PROBLEM DETAILS
Every line from the start of the data through the line containing "The user should" should be retyped exactly; the pictures should not.

INFORMATION SHOWN
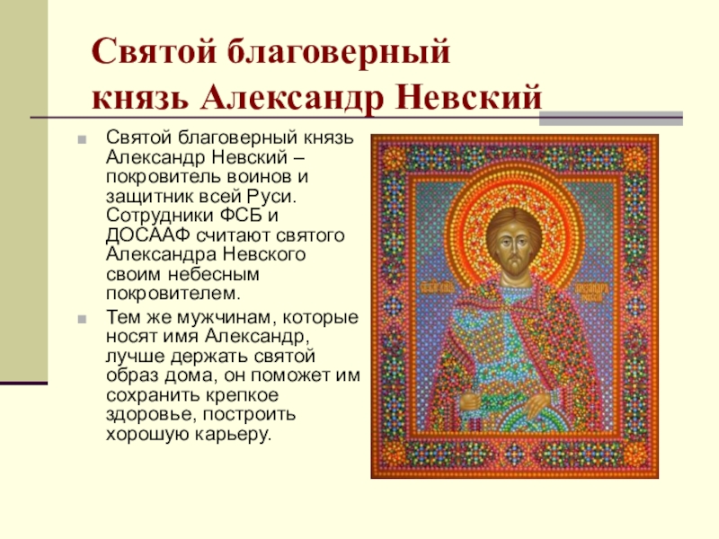 покровитель воинов и защитник всей Руси. Сотрудники ФСБ и ДОСААФ считают святого Александра Невского своим небесным покровителем.
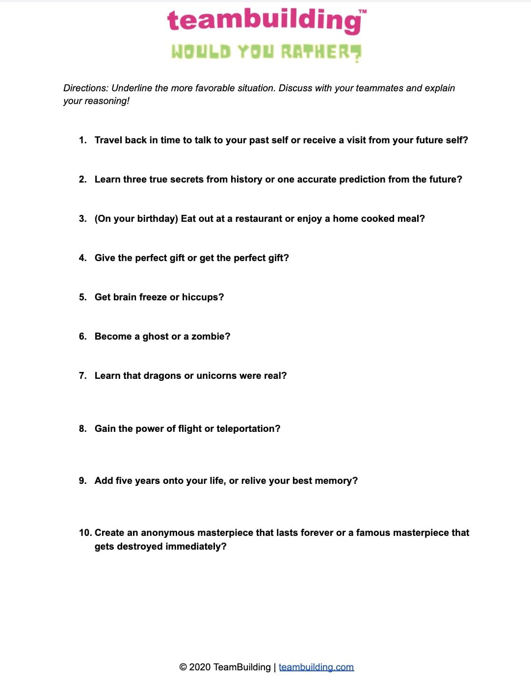 Check out more Would You Rather questions.
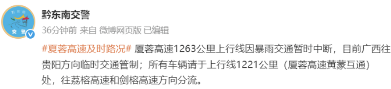 据贵州省黔东南州公安局交通警察支队官方微博消息,厦蓉高速1263公里上行线因暴雨交通暂时中断,目前广西往贵阳方向临时交通管制;所有车辆请于上行线1221公里(厦蓉高速黄蒙互通)处,往荔榕高速和剑榕高速方向分流。
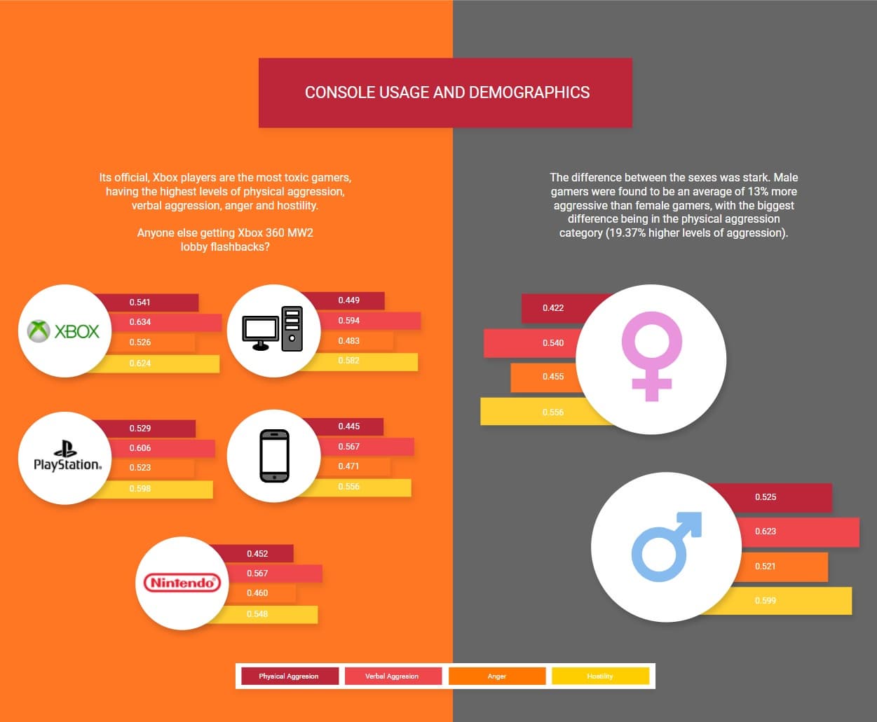 Согласно исследованию, самые агрессивные игроки – владельцы консоли Microsoft. Именно они чаще всего используют ненормативную лексику и впадают в ярость, проявляют физическую агрессию и неприязнь к другим игрокам. На втором месте владельцы PlayStation. За ними следуют пользователи PC и мобильных платформ. Наименее конфликтными являются покупатели консоли Nintendo Switch.
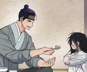 Elsewhere, Kyungjoon is visiting with the crown prince. Geumdong, sleeping in Nok’s lap, gets increasingly annoyed as he listens to their conversation. Kyungjoon apologizes for his behavior the other night at the tavern. Nok asks for Kyungjoon not be so hard on Jaeshin, and as he listens in, Geumdong decides to fast track his investigation on the three ghouls haunting the prince.
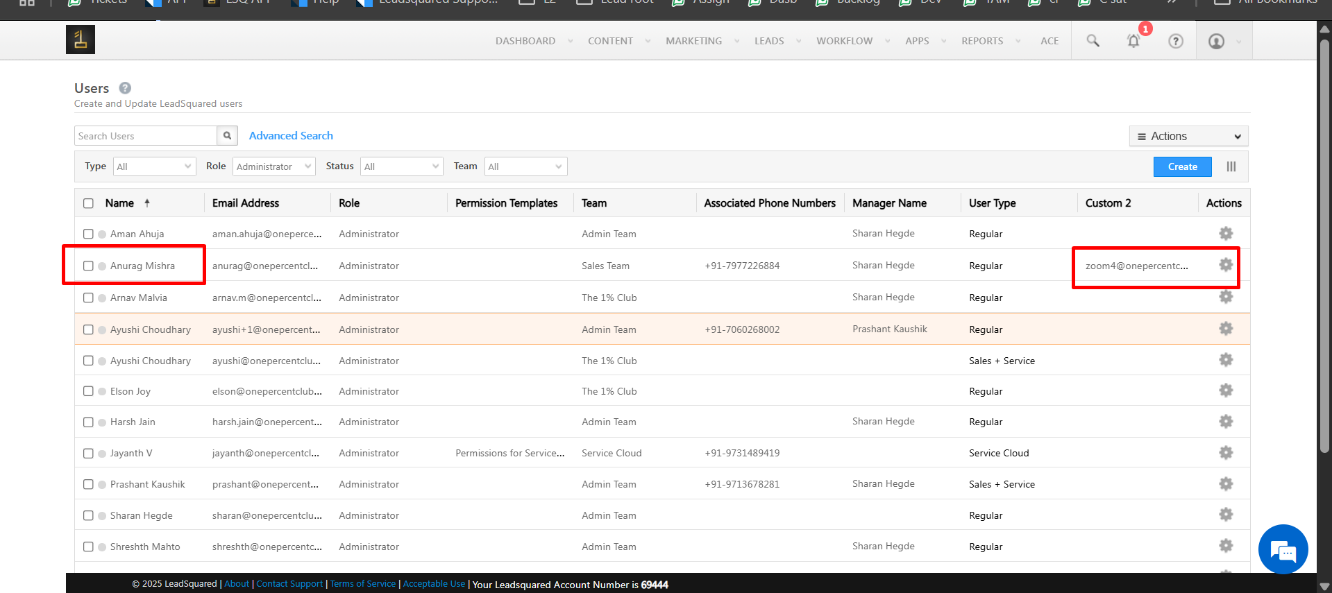 The user should have the email ID configured in the connector configured in the custom 2 user field-
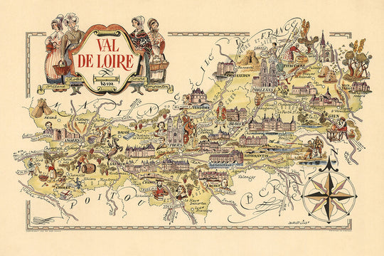 Las ciudades y pueblos del Valle del Loira, incluyendo Orléans, Tours, Angers y Blois, están meticulosamente ilustrados, cada uno con su encanto único y significado histórico. El mapa también captura las actividades agrícolas de la región, escenas de mercado y artesanías tradicionales, ofreciendo un vistazo a la vida diaria de sus habitantes. Esta mezcla de elementos históricos y culturales hace que el mapa no solo sea una guía geográfica, sino también un documento histórico que cuenta la historia del Valle del Loira.
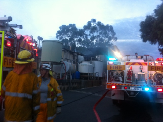 After about three hours the 4.4 was called off to attend a fire at the Margaret River Dairy Company factory on Bussell Highway, about 10 k away. Initially the crew supplied water from a tank behind the factory to SES firefighters attacking the fire. Later the 4.4 was replaced by the Dunsborough 3.4 and then backed up the Yallingup Coastal crew as they got their BA baptism of fire. The crew was stood down at 6:30 am. Meanwhile the 1.4 had been stood down at 5:30.
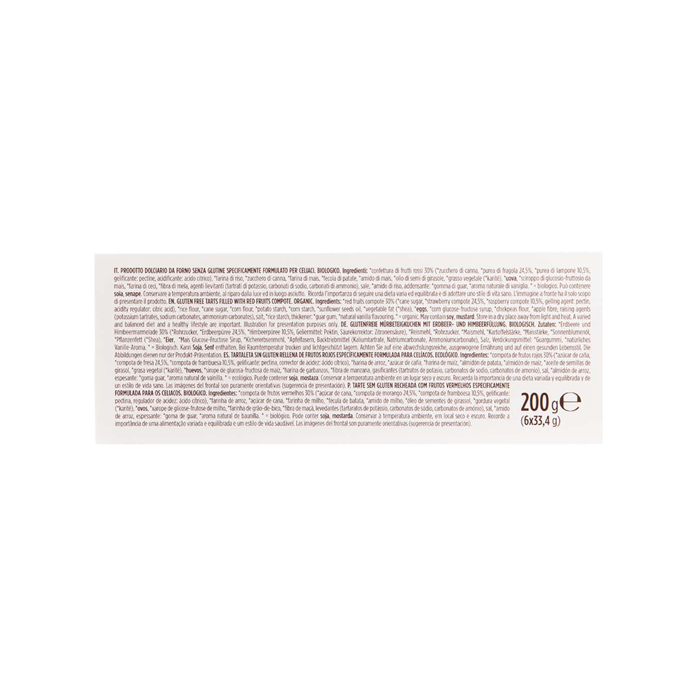Compota de frutos rojos 30% (azúcar de caña, compota de fresa 24,5%, compota de frambuesa 10,5%, gelificante: pectina, corrector de acidez: ácido citrico), harina de arroz, azúcar de caña, harina de maiz, almidón de patata, almidón de maiz, aceite de semillas de girasol, aceite de karité, huevos, sirope de glucosa-fructosa de maiz, harina de garbanzos, fibra de manzana, gasificantes (tartratos de potasio, carbonatos de sodio, carbonatos de amonio), sal, almidón de arroz, espesante: goma guar, aroma natural de vainilla. *procedente de cultivo ecológico.
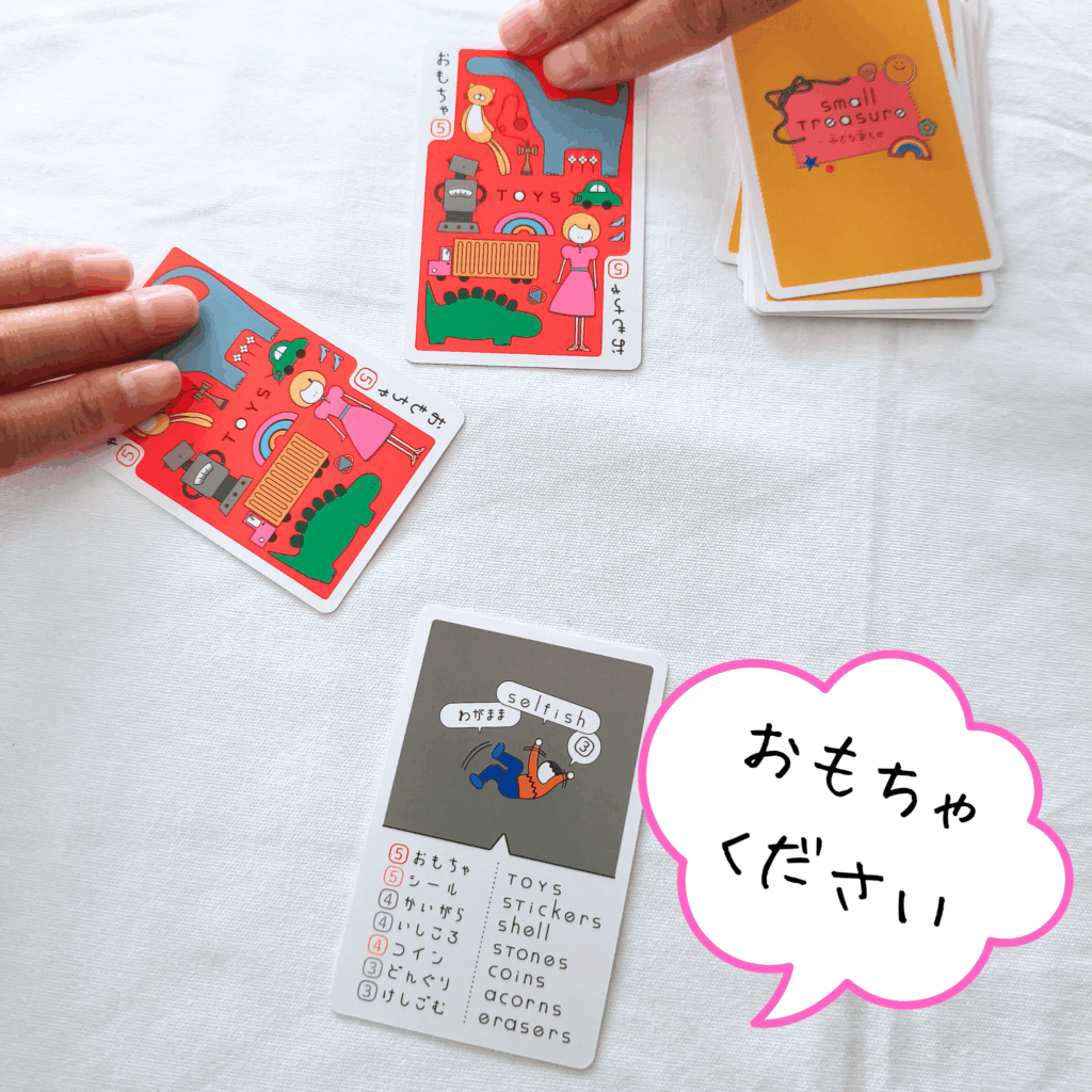 このゲーム、誰が何をおねだりして、持っていたか持っていないかを『しっかり聞いておく』ことがポイント♪おねだりされる宝物は必ず1枚は持っていなければならないので、自分に関係ないターンだったとしても『誰が何をおねだりしたかを把握している』ことで、今後の展開がとっても有利になりそうだと思いました!
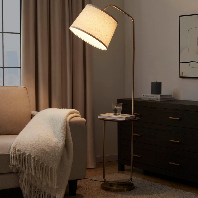 Orianna Floor Lamp with Side Table – Gold
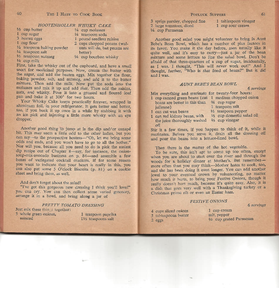 Happy New Year Happy New Year in case you didn't have a wild enough time last night we have a recipe for today that's going to keep the party going oh really yes so grab your ice pick and your eye dropper and let's get started oh my goodness [Music] welcome to Mom's Wooden Spoon get your apron on and your fanny flicker ready as we cook up some nostalgia ooh [Music] yummy we are celebrating another upcoming obscure holiday today ooh sounds like fun and in case you were looking for a reason to have some friends over and New Year's isn't a good enough excuse yeah fear not we are here to tell you that January 2nd is Buffet Day oo Buffet yeah so you could totally head out to your local Golden Corral jeez yes or scarf Mar as we like to call it good old scarfies mhm or maybe you want to have a whole bunch of people over for a potluck set it up buff style oh that sounds fun and speaking of potluck yes that brings me to the recipe of the day it is not from a Mary's Memo it's actually from a cookbook titled I Hate to Cook Book it is the best book ever oh my gosh it's from the 1960s y the author whom I'm not going to tell you because I don't know the author is Peg Bracken okay so Ms. Bracken in addition to being a cook also a comedian oh and you can tell in the book you totally can tell this would have been the absolute perfect book for our mom yeah well and no surprise then that we got this cookbook from someone who is very good friends with our mom oh yes indeed so this cookbook actually belonged to my dear friend Christopher's mom and her name is Sally and Sally is really good friends with our mom I think it's perfect clearly we know why clearly yeah it was because they were not spending all their time cooking with joy heck no no no so this is perfect when I was home recently I got to sit down with Sally and with Christopher and we chatted about some of the recipes that she cooked from this book oh fantastic we are not making one that she made on a regular basis okay but I think you all are really going to like this one you know I have very mixed feelings about this one oh you do yeah some aspects I'm very excited oh yes some aspects I'm kind of dreading oh that's right okay so tell everybody the one you're dreading and then we'll go into the one you're really excited about okay so we took this recipe from the potluck section because I've never been to a potluck that was not served buffet style absolutely so it's the perfect way to celebrate National Buffet day exactly and it is called the Hooten holler Whiskey Cake yea haw very Hooten and hollery and so I am super excited about the whiskey aspect I know you love whiskey I love whiskey I am not so excited about the one pound of rasins that go into the cake well Carrie here's the good news okay you bought new raisins we will not be using the raisins the size of Chihuahuas from last season can you imagine if we did like there would not be enough room for the batter and those raisins or any whiskey no oh my gosh so this cookbook is so hilarious on the back of it here's what Peg states some women it is said like to cook this book is not for them this book is for those of us who want to fold our dishwater hands around a dry martini instead of a wet flounder so it's perfect we want to fold our dishwater hands around a nice whiskey yes instead of raisins the size of chihuahuas any day yeah any day and the potluck section is also hilarious oh my gosh yes yes so she gives very good instructions on what you might want to do when confronted with a friend who is entertaining the idea of a pot lock exactly especially when you are a woman who does not like to cook absolutely yes so her recommendation is when planning a potluck beware the entree oh heck yeah that's a big responsibility it is she says it's usually the most trouble as well as the most expensive true so her little tip is to totally praise one of your friends and say hey Eileen I think you should bring the entree you make the most delicious goulash it's out of this world would you bring that that is so underhanded and fabulous I love it and then she says you know all the women who are standing around you will look like total jerks if they don't agree with you and say oh Eileen your goulash is fabulous exactly yeah so what a sneaky way to get out of making the entree for the potluck throw poor Eileen under the bus I love it I like it whenever we were kids in school and we were asked to bring something in for you know the school equivalent of a pot lock right everybody brings in a treat our mom always said the first thing that we should sign up for was napkins or paper plates oh my gosh that's perfect and that's so hilarious because it goes along with the title of this chapter because the title is chapter five potluck suppers or how to bring water for the lemonade that was our mom she totally know she didn't need the cookbook she has this all in hand bring the paper products always the paper products I love it oh so much fun so at the very beginning of this recipe there is a suggestion from Peg oh yeah I mean let's just dive into the recipe yeah because I really think that we really need to follow her suggestion here yeah her first line of instructions are first take the whiskey out of the cupboard and have a small snort for medicinal purposes oh I think we should do that yes so we have here in front of us ladies and gentlemen six different six bourbons and whiskies oh yeah and so what I thought Kristen and I should do is try them all to decide which is going to pair best with a pound of raisins exactly and you know I must tell you all these are none of my whiskies or Bourbons these all came from Carrie's cabinet and I believe she even had more every last one well can I say I like the bourbon she likes the bourbon all right so I have been thinking about the order okay which we want to do this and I'm going to start with the plain ones and then we'll move to kind of the flavored ones I think that's a

COMPLETED EXERCISE
 покровитель воинов и защитник всей Руси. Сотрудники ФСБ и ДОСААФ считают святого Александра Невского своим небесным покровителем.
 Check out more Would You Rather questions.
 据贵州省黔东南州公安局交通警察支队官方微博消息,厦蓉高速1263公里上行线因暴雨交通暂时中断,目前广西往贵阳方向临时交通管制;所有车辆请于上行线1221公里(厦蓉高速黄蒙互通)处,往荔榕高速和剑榕高速方向分流。
 Согласно исследованию, самые агрессивные игроки – владельцы консоли Microsoft. Именно они чаще всего используют ненормативную лексику и впадают в ярость, проявляют физическую агрессию и неприязнь к другим игрокам. На втором месте владельцы PlayStation. За ними следуют пользователи PC и мобильных платформ. Наименее конфликтными являются покупатели консоли Nintendo Switch.
 Elsewhere, Kyungjoon is visiting with the crown prince. Geumdong, sleeping in Nok’s lap, gets increasingly annoyed as he listens to their conversation. Kyungjoon apologizes for his behavior the other night at the tavern. Nok asks for Kyungjoon not be so hard on Jaeshin, and as he listens in, Geumdong decides to fast track his investigation on the three ghouls haunting the prince.
 The user should have the email ID configured in the connector configured in the custom 2 user field-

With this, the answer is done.